He joined the army in 1941, and was recruited into the Stars in Battledress campaign, touring allied camps in Europe and North Africa. In February 1945 he played in RTR band for troops at an army camp near Bournemouth, either Bovington or Lulworth. [unpublished diary John Robson Edwards] Whilst in Europe and North Africa Gonella served as the personal servant or "batman" to Major Alexander Karet and once the war had ended was offered the position as personal Butler to the Major, but he politely declined the offer, so that he could be free to pursue his musical career.

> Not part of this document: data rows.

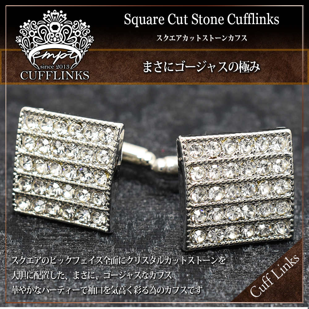 ■ 商品名 : カフス スクエア ラインストーン カフスボタン
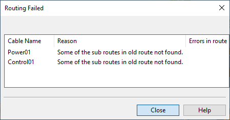 If there are problems, you are prompted whether to browse the failed cables. If you select Yes, the Routing Failed dialog opens, listing the problematic cables and information about them.
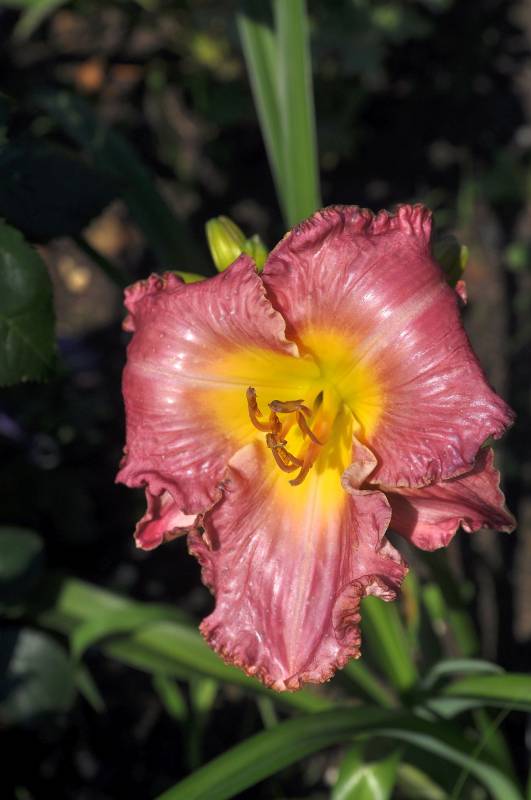 kwiat: o średnicy 15cm w kolorze blado fioletowym/różowym z żółtą gardzielą, najczęściej pełny, pachnący. Powtarza kwitnienie.
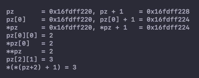 int (*pt2)[4]; // 声明一个指向二维数组的指针,该数组内含 2 个数组元素,
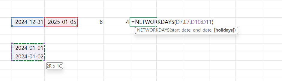 목표: 영업일 반영한거, 반영안한거, 한국 공휴일 반영한 경과일 계산하는 엑셀 함수 이해하기
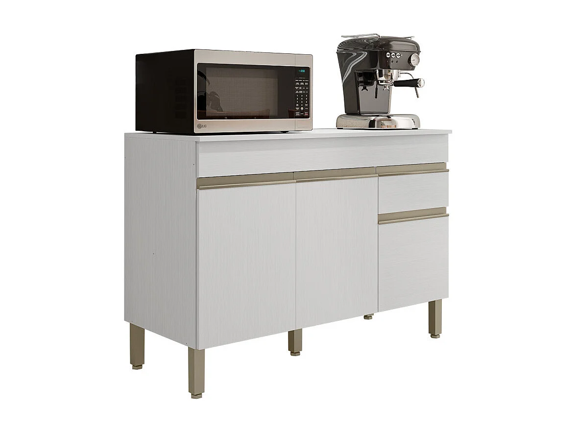 Buffet Bas 3 Portes 1 Tiroir Blanc 5 Niches L 120 H 86 P 53.3 cm
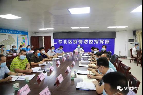 区长黄治华;区领导黄应春、蒋基勋、潘运精;区疫情防控指挥部办公室主任、副主任,各工作组组长等在钦北分会场参加会议。
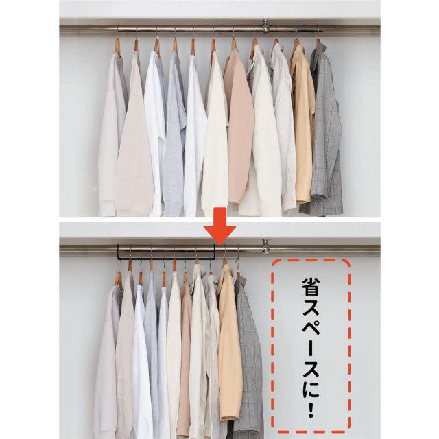 ・衣類の収納量アップ、吊るすだけの簡単設置。・衣類を段違いに収納することで、肩部分の厚みを減らして省スペースに収納できます。・直径4cmまでのポールに設置できます。・幅が45~70cmに伸縮するので、収納場所に合わせて設置することができます。・製品の幅を調節する際、ワイヤーの線以上に広げると,強度が弱くなりますので、線以上は広げないでください。
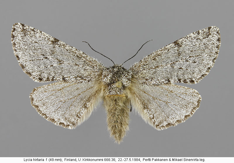 | Nykyinen voimassa oleva lajinimi - (Kullberg et. al. 2002): Lycia Hübner, 1825 hirtaria (Clerck, 1759) | ||||||||||||||
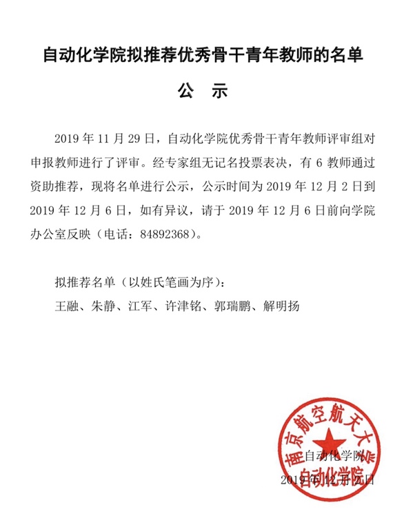 AWC万象城娱乐拟推荐优秀骨干青年教师的名单公示
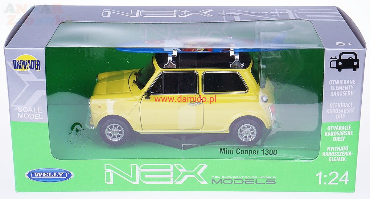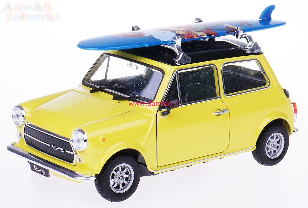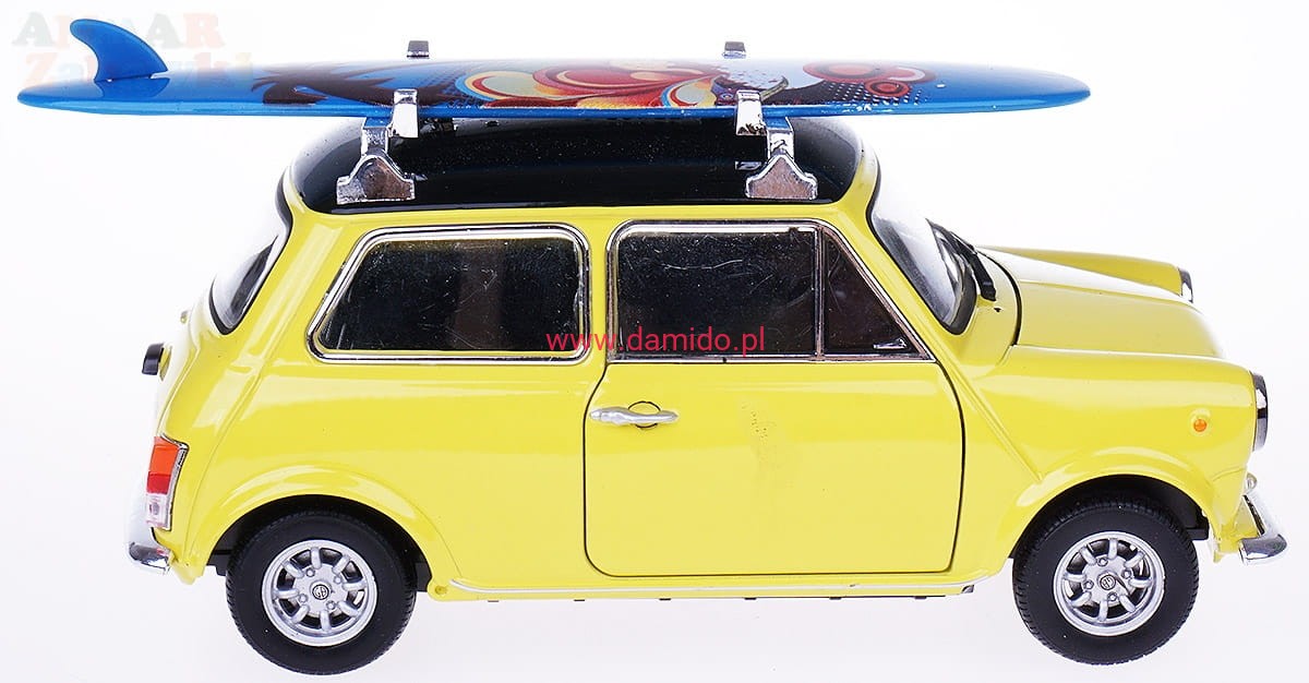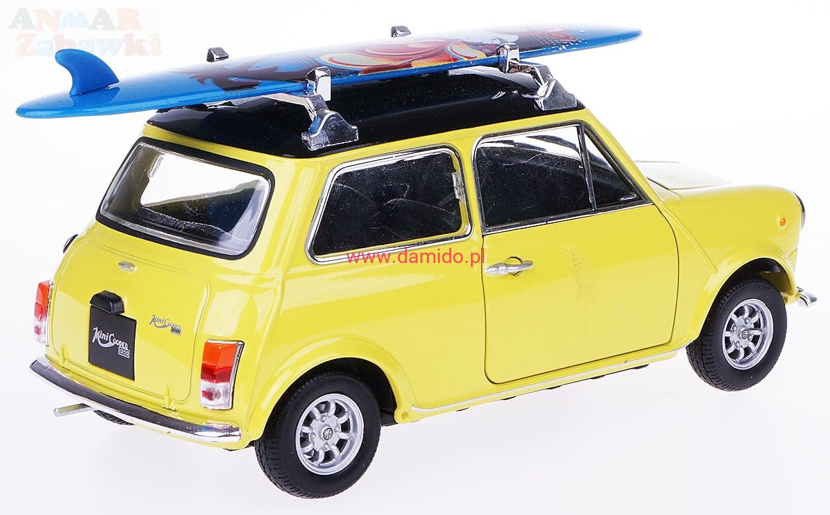 MINI COOPER 1300 MODEL METALOWY WELLY 1:24 ŻÓŁTY Z DESKĄ
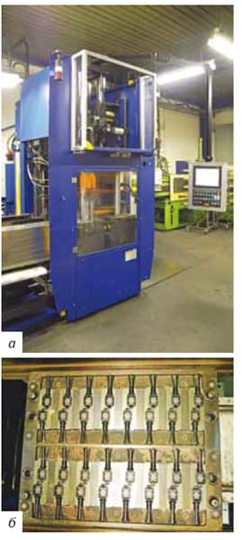 В отношении технического оснащения производства РТИ фирма ККТ уже долгие годы ориентирована на литьевое оборудование австрийской фирмы MAPLAN GmbH (г. Тернитц), машина которой модели MTF 2500/280 ergonomic с сенсорной системой управления PC 5000 как раз и была использована для реализации поставленной задачи (фото 3, а). Многокомпонентное стопорное устройство изготавливается в (2×32)-гнездной литьевой форме (фото 3, б). В то время как оператор загружает 32 гнезда формы втулками и полиамидными элементами, на другой станции той же машины осуществляется собственно литье под давлением РТИ. При времени цикла, равном 4 мин, оператору приходится быть весьма проворным. «В ближайшее время мы совместно с нашими партнерами из MAPLAN разработаем необходимые средства автоматизации, чтобы сделать процесс независимым от оператора – при таком большом количестве выпускаемых изделий это себя, несомненно, оправдает, – отмечает К. Д. Вале. – Наши литьевые формы оснащены оптимизированными холодноканальными системами с короткими путями течения расплава, обеспечивающими экономный расход материала и минимальное количество отходов. Кроме того, машины от MAPLAN отличаются сниженным энергопотреблением и удобством обслуживания. Их энергоэффективность обусловливается использованием сервогидравлической системы CoolDrive II и энергосберегающих термостатирующих устройств DCI».
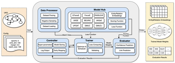 发表在SIGIR2024上的论文 “unKR: A Python Library for Uncertain Knowledge Graph Reasoning by Representation Learning”的通讯作者为吴天星副教授,第一作者为其指导的硕士研究生王靖婷。论文发布了国际首个专注于不确定性知识图谱推理的开源工具unKR(//github.com/seucoin/unKR)。它使用一套统一的框架(如图3所示)复现了9种广受认可的不确定性知识图谱表示学习与推理模型,通过模块化架构设计提供自定义功能,使得研究人员和开发者能够灵活地调整、优化、开发模型,以适应特定的应用场景或研究需求,并面向多个基准数据集构建统一的评估体系,展现了优异的兼容性与扩展性。此外,该工作设计用于置信度预测与链接预测的提示并在开源大模型上做了参数高效微调,实验发现微调后的大模型具备在不确定性知识图谱上执行推理的能力,在特定数据集上能够获得最先进的效果。未来基于大模型技术进一步提升现实场景的不确定性知识图谱推理能力是知识推理研究的重要方向。
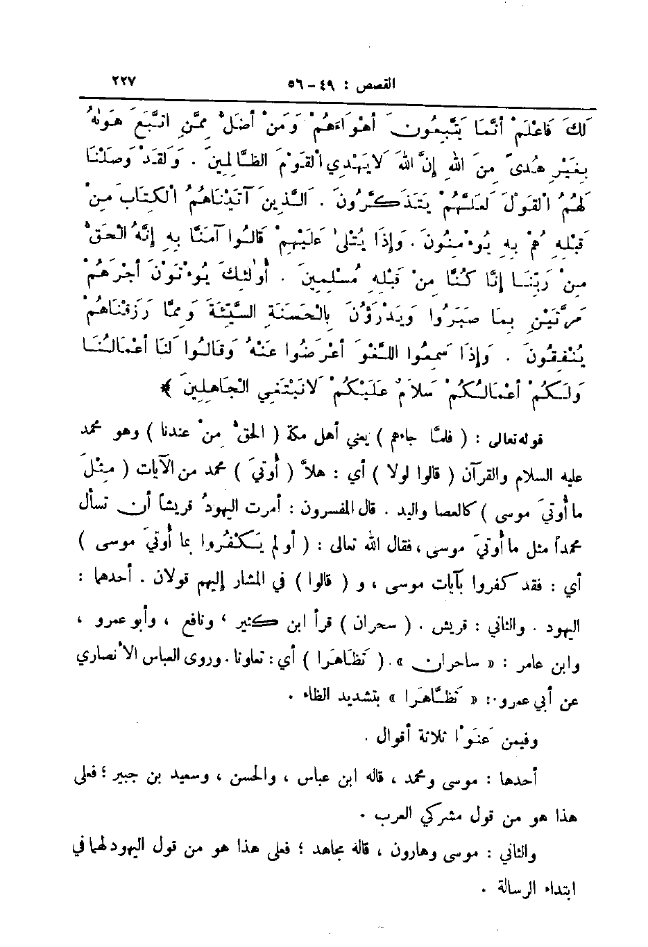 قوله تعالى فلما جاءهم يعني أهل مكة الحق من عندنا وهو محمد عليه السلام والقرآن قالوا لولا أي هلا أوتي محمد من الآيات مثل ما اوتي موسى كالعصا واليد قال المفسرون أمرت اليهود قريشا أن تسأل محمدا مثل ما أوتي موسى فقال الله تعالى أو لم يكفروا بما أوتي موسى أي فقد كفروا بآيات موسى وقالوا في المشار إليهم قولان أحدهما اليهود والثاني قريش سحران قرأ ابن كثير ونافع وأبو عمرو وابن عامر ساحران تظاهرا أي تعاونا وروى العباس الانصاري عن أبي عمرو تظاهرا بتشديد الظاء
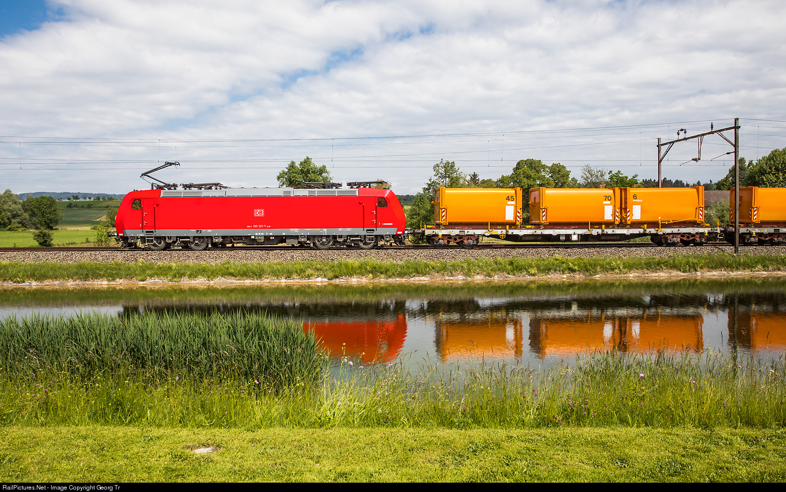 | This is freight train 47057 of the BLS Cargo, but with the locomotive 185 # 123 of the Deutsche Bahn, running along the pond at Riedt near Erlen. The train is transporting garbage in containers from Singen (Hohentwiel) via Konstanz-Kreuzlingen-Romanshorn VL to the refuse incineration plant of Weinfelden (branch track between Bürglen and Weinfelden) |
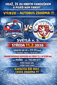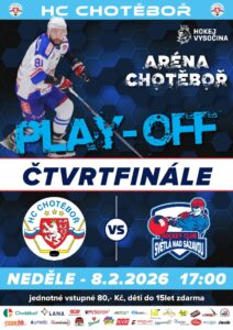 Dnes večer se dohrála základní část soutěže a hned v neděli 8.2.2026 začíná vrchol hokejové sezóny. Naše mužstvo se v prvním utkání čtvrtfinále play off KLM Vysočiny představí domácím fanouškům. Hokejový osud tomu chtěl, aby na sebe narazily celky dlouholetých rivalů, kteří si nedarují ani pověstný kousíček ledové plochy. Fanoušci obou táborů na tribunách poženou své hráče...
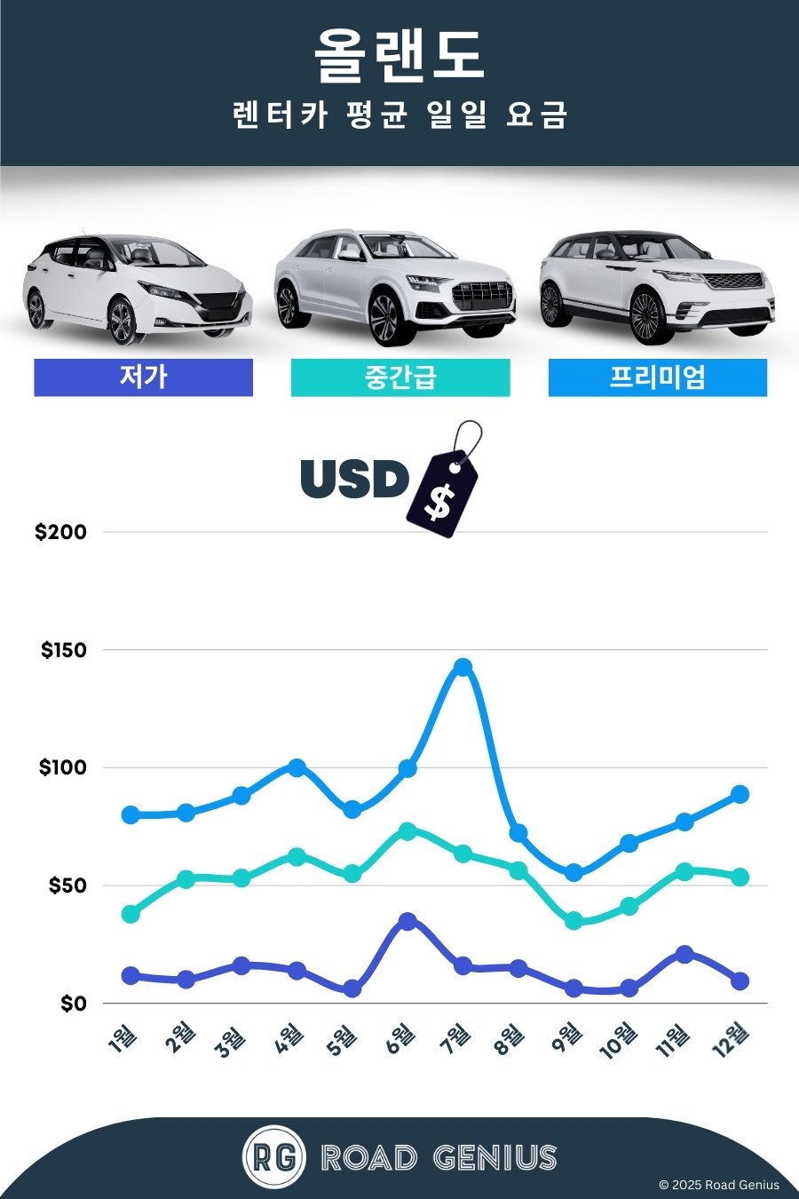 평균적으로 올랜도에서 렌터카 요금은 하루에 약 US$51이며, 최저가는 하루에 US$6부터 이용할 수 있습니다.
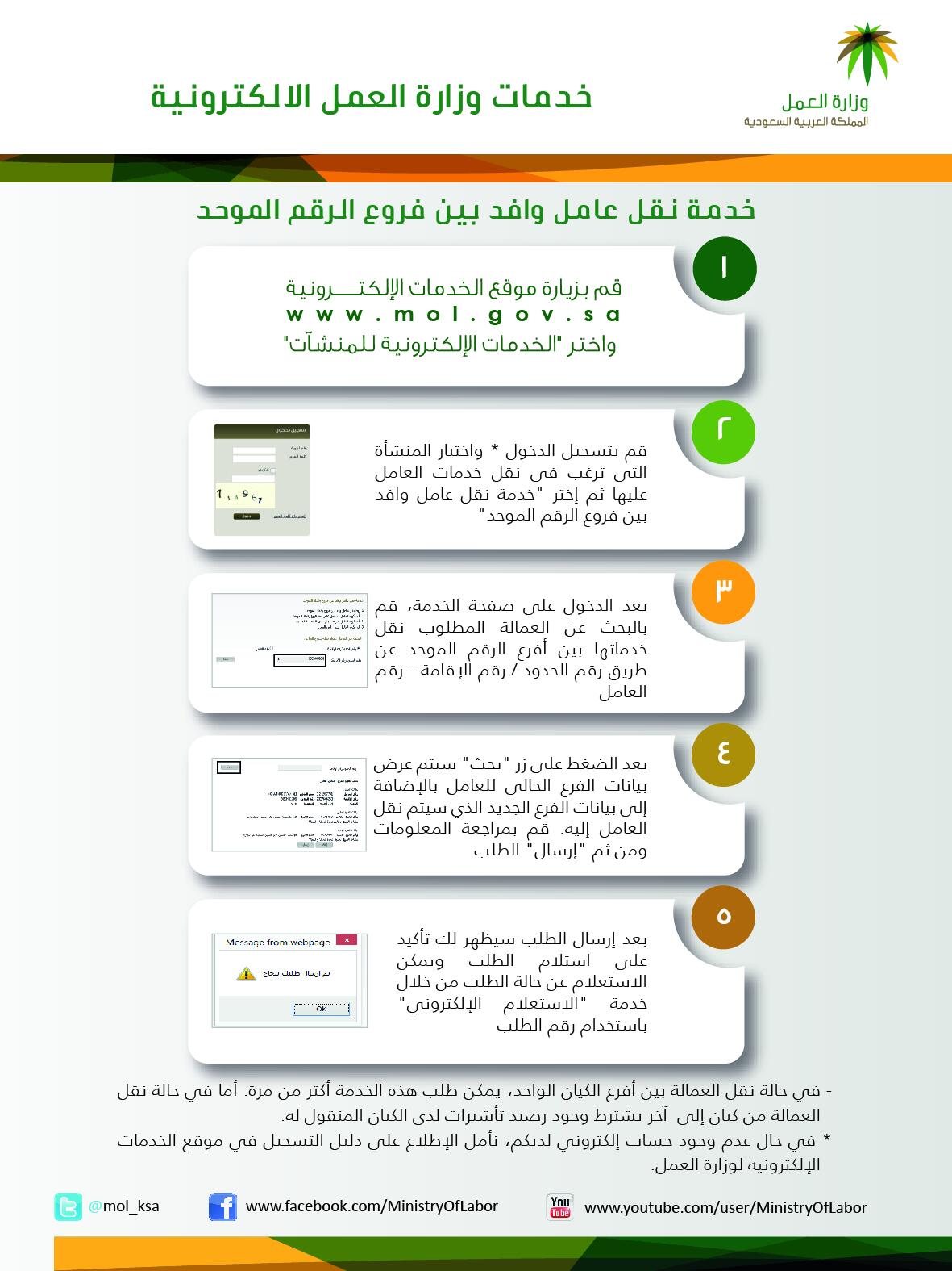 نقل عامل وافد بين فروع رقمك الموحد. نقل خدمة عامل وافد بين فروع الرقم الموحد التفصيل كاملة http www saudigenral info 2017 04 transfer. نقل عامل وافد بين فروع الرقم الموحد للمزيد من المعلومات تاريخ أخر تحديث. نقل عامل وافد بين فروع الرقم الموحد وزارة الموارد البشرية والتنمية الاجتماعية خدمة إلكترونية تقدمها وزارة العمل والتنمية الاجتماعية تمكن المنشآت من تقديم طلب نقل خدمات عامل بين أفرعها التابعة لنفس الكيان لدى الوزارة. المملكة العربية السعودية ١١ ١٩ ٥٩ ص ١٤٤٢ ٠٣ ١١.
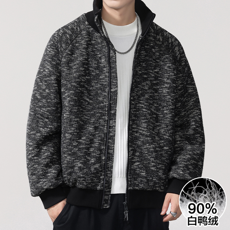 罗蒙针织羽绒服男士秋冬季2025新款潮流保暖毛衣外套男士冬装上衣
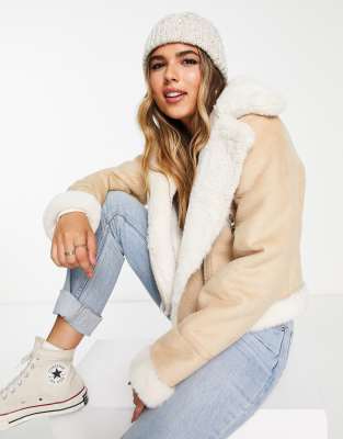 Pull&Bear - Giacca stile aviatore oversize in pelliccia sintetica beige

He reformed his band after the war, but the economic and musical climate was changing rapidly at that time. He flirted briefly with bebop, acknowledged that it was not for him, and returned to the variety stage during the 1950s, touring with the likes of the comedian Max Miller.

==The 1960s and 1970s==
The revival in traditional jazz in the late Fifties allowed him to reform his Georgians in 1960. On 22nd February 1960 he featured on the UK television show This Is Your Life, an appearance which later inspired an album The Nat Gonella Story, modelled on Louis Armstrong's A Musical Autobiography. He also appeared on the BBC radio programme Desert Island Discs in August 1966.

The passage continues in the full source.